In all the World Series and League Championship series games ever played in which a team had a .650 or better slugging percentage the teams combined for a .38l batting average and slugged .709. They scored 276 runs, had 279 estimated runs produced, but 331 runs created. A 19% difference in the formulas.
The highest post-season slugging percentage in a single game was recorded by the Cubs in Game One of the '84 National League Playoff. They crashed five home runs out of the friendly confines of Wrigley Field and rolled up an .895 slugging percentage. They scored 13 times, had 13 estimated runs produced, but 17 runs created. This time the formulas differ by 30%.
At the highest levels of statistical performance runs created overestimates run scoring; it seems to be biased. Would that carry over from team statistics to an individual player's figures? It can't be directly proven, but here's a stab at demonstrating that it would.

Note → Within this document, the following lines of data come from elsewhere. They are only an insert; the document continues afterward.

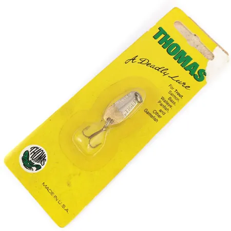 Ši kompaktiška blizgė su tiesiai ant auksu dengto metalo iškaltu „TIGER“ pavadinimu reprezentuoja klasikinę Amerikos žvejybos įrankių dizaino erą. Sverdama 1/8 oz (3,2 g) ir būdama 1" (2,5 cm) ilgio, ji išliko originalioje geltonai žalioje gamyklinėje pakuotėje. Šis Thomas Little Tiger modelis, atpažįstamas pagal prekės kodą 9998, pasižymi ryškia aukso apdaila, skirta atspindėti šviesą metimo ar velčiavimo metu. Ant pakuotės aiškiai nurodyta kilmė – „MADE IN U.S.A.“, o blizgė skirta įvairioms žuvims, nuo ešerinių iki lašišų. Kaip nenaudotas egzempliorius (būklė: 6), masalas išlaikė gamyklinę išvaizdą su originaliu tamsiu trišakiu kabliuku ir skaidria pakuote. Apvalus žalias logotipas apatiniame kairiajame kampe suteikia prekės ženklui klasikinį vizualinį identitetą ryškiai geltoname fone.
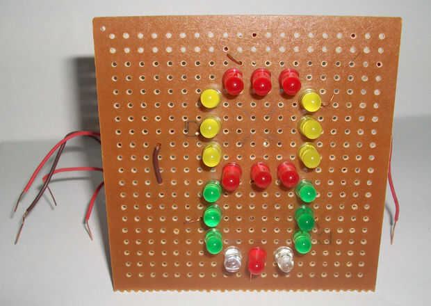 Colocar el LED en perfboard. Cada segmento tendrá 3 LED con cable paralelo entre sí. Cuidado con los cables positivos y negativos, los aspectos positivos de estos LEDs son todos conectados en paralelo. (Ver imagen 2)
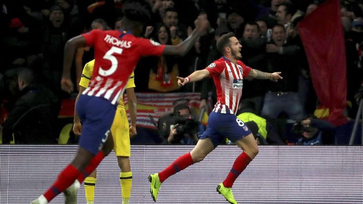 El centrocampista Saúl Ñíguez marca el primer gol del Atlético de Madrid frente al Borussia de Dortmund en partido de Liga de Campeones.

A team of Babe Ruths would hit three home runs per game and could be expected to hit at least .300. I sifted through every World Series game looking for teams which had a game with those characteristics. I found 14. And their statistics tallied up to look remarkably like a Ruthian season 1929 to be exact.
|
AB |
H |
TB |
2B |
3B |
HR |
BB |
SB |
Avg. |
Slg. |
|
|
14 Series Games |
509 |
180 |
347 |
27 |
1 |
46 |
65 |
3 |
.354 |
.682 |
|
1929 Babe Ruth |
499 |
172 |
348 |
26 |
6 |
46 |
72 |
5 |
.345 |
.697 |
125 runs were scored in the Series games. There were 129 estimated runs produced and 148 runs created. Babe's 1929 estimated runs produced total was 131, his runs created, 149. Both formula figures were nearly identical for the Series games and for Ruth. The estimated runs produced formulas gave more realistic results for the World Series games, games which were a virtual mirror image of Ruth's 1929 stats. That doesn't prove that estimated runs produced gives more realistic results for Ruth. But it is highly suggestive.

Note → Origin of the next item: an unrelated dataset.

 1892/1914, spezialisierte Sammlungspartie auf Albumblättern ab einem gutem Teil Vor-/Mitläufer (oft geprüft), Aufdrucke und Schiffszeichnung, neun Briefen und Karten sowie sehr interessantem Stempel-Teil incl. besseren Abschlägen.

So how do the formulas compare in rating some of today's top performances? Well, they both agree that Dwight Evans had the best total production in the American League in '84, 125 estimated runs produced, and 132 runs created. The formulas disagreed in the National League. The estimated runs produced formula gave the nod to Dale Murphy, 120 to 117 over Ryne Sandberg. Sandberg edged Murphy, 126 to 123 in runs created. Why the difference in the NL? Two major factors. The first is that the runs created formula puts more emphasis on being caught stealing and grounding into double plays than does the estimated runs produced formula. Murphy had 6 more of those plays than did Sandberg. The second factor is that Murphy had 20 intentional walks compared with only 3 for Sandberg, and the runs created formula puts a lesser value on intentional walks than on a normal base on balls. The estimated runs produced formula puts equal value on each.

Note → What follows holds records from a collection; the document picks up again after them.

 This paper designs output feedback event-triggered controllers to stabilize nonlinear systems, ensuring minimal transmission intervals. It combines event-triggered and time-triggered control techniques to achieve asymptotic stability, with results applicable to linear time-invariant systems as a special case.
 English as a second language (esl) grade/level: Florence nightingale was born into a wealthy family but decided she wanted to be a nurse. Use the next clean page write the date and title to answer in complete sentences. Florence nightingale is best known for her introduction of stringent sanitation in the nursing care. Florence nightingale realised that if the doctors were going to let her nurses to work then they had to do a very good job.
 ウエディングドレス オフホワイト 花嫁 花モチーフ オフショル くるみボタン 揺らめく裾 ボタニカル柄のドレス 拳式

Some will undoubtedly point to that last fact as a flaw in the estimated runs produced equation. Perhaps it is. But I'm not convinced of that. Though it's true that the intentional walk won't advance any base runners it does improve the chances of baserunners advancing on a subsequent walk. I saw the following happen at least three times this year: Runner on second. Batter intentionally passed. Next batter walks, advancing the baserunners one base each, or a total of two bases. So because of the intentional walk, the next walk that occurred advanced men two bases instead of advancing them no bases as would've happened had there been no intentional pass. It seems to tend to even out.
But back to how the formulas rate the players. Again, the major differences in the ratings occur when a team or player combines a high on-base percentage with a high slugging average. And I should say a high net on-base percentage. What I mean by that is the chance of being on base minus the chance of being thrown off the bases by being caught stealing or of wiping someone else off the base paths by grounding into a double play. The net on-base percentage is, of course, essentially the first part of the runs created formula.
When rating a player such as Tony Armas, low net on base percentage, but high slugging percentage, the estimated runs produced formula gives a higher rating. 100 vs. 97 runs created. A player such as Eddie Murray, highest on base percentage in the AL and a high slugging percentage, fares much better using the runs created method, 130 vs. only 120 estimated runs produced. The estimated runs produced method rates Armas 20 runs behind Murray, 120 to 100. The runs created formula rates Armas 33 runs behind Murray, 130 to 97. That's a big difference. Just about a game and a half in the standings.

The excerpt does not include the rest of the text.